RISCV LLVM Backend项目报告 - DailinH/llvm-riscv-backend GitHub Wiki
本项目是东南大学计算机科学与工程16级综合课程设计项目的一部分,我和@Vigilans同学负责编译器部分,采取前后端分离的开发方式。我负责的内容为LLVM IR -> RISCV Assembly,预计2020年1月中旬完成整个项目。在正式开始写后端之前,先尝试在linux系统下利用clang/llvm交叉编译至riscv指令。从2019年6月起,RISC-V已经成为了LLVM库的正式编译Target的一部分,现有的库支持RV32I和RV64I。我的工作主要是实现对RISCV-C Standard Extension的子编译对象支持。
graph LR
A[code] --> |LLVM Frontend|B[LLVM IR]
B --> |LLVM Backend|D[Target Machine Assembly: RISCV]
后端流水线实际结构:
graph LR
A[IR] --> B[SelectionDAG]
B --> C[MachineDAG]
C --> D[MachineInst]
D --> E[MCInst]
操作系统: (Amazon AWS) Ubuntu 16.04.6 LTS xenial
$ sudo apt-get update
$ sudo apt-get -y dist-upgrade
$ sudo apt-get -y install \
> binutils build-essential libtool texinfo \
> gzip zip unzip patchutils curl git \
> make cmake ninja-build automake bison flex gperf \
> grep sed gawk python bc \
> zlib1g-dev libexpat1-dev libmpc-dev \
> libglib2.0-dev libfdt-dev libpixman-1-dev 注意这里cmake的最低版本需要3.4.3[3].

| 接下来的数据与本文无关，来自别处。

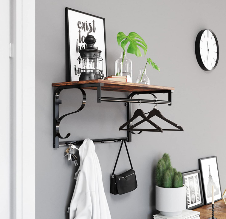 Industrial Coat Rack Wall Mounted Storage Vintage Hanging Rail Rustic Metal Hook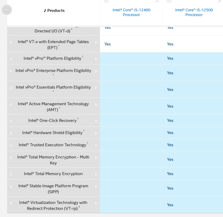 Подскажите пожалуйста чем отличаются 12400 от 12500 (кроме графического ядра и частот)? Делал на сайте Интела сравнение, у 12500 поддержка инструкций. Насколько это критично?

在交叉编译LLVM/Clang的过程中,LLVM_TARGET_ARCH这一选项默认为host, 即编译到本机ASM。我们先尝试编译到本机ASM并运行。
测试代码 hello.c:
#include <stdio.h>
int main(){
printf("Hello RISCV!\n");
return 0;
} 使用clang编译,执行命令
$ clang -O3 hello.c -c -S -o hello.bc编译结果如下。
.text
.file "hello.c"
.globl main
.align 16, 0x90
.type main,@function
main: # @main
.cfi_startproc
# BB#0:
pushq %rax
.Ltmp0:
.cfi_def_cfa_offset 16
movl $.Lstr, %edi
callq puts
xorl %eax, %eax
popq %rcx
retq
.Lfunc_end0:
.size main, .Lfunc_end0-main
.cfi_endproc
.type .Lstr,@object # @str
.section .rodata.str1.1,"aMS",@progbits,1
.Lstr:
.asciz "Hello RISCV!"
.size .Lstr, 13
.ident "clang version 3.8.0-2ubuntu4 (tags/RELEASE_380/final)"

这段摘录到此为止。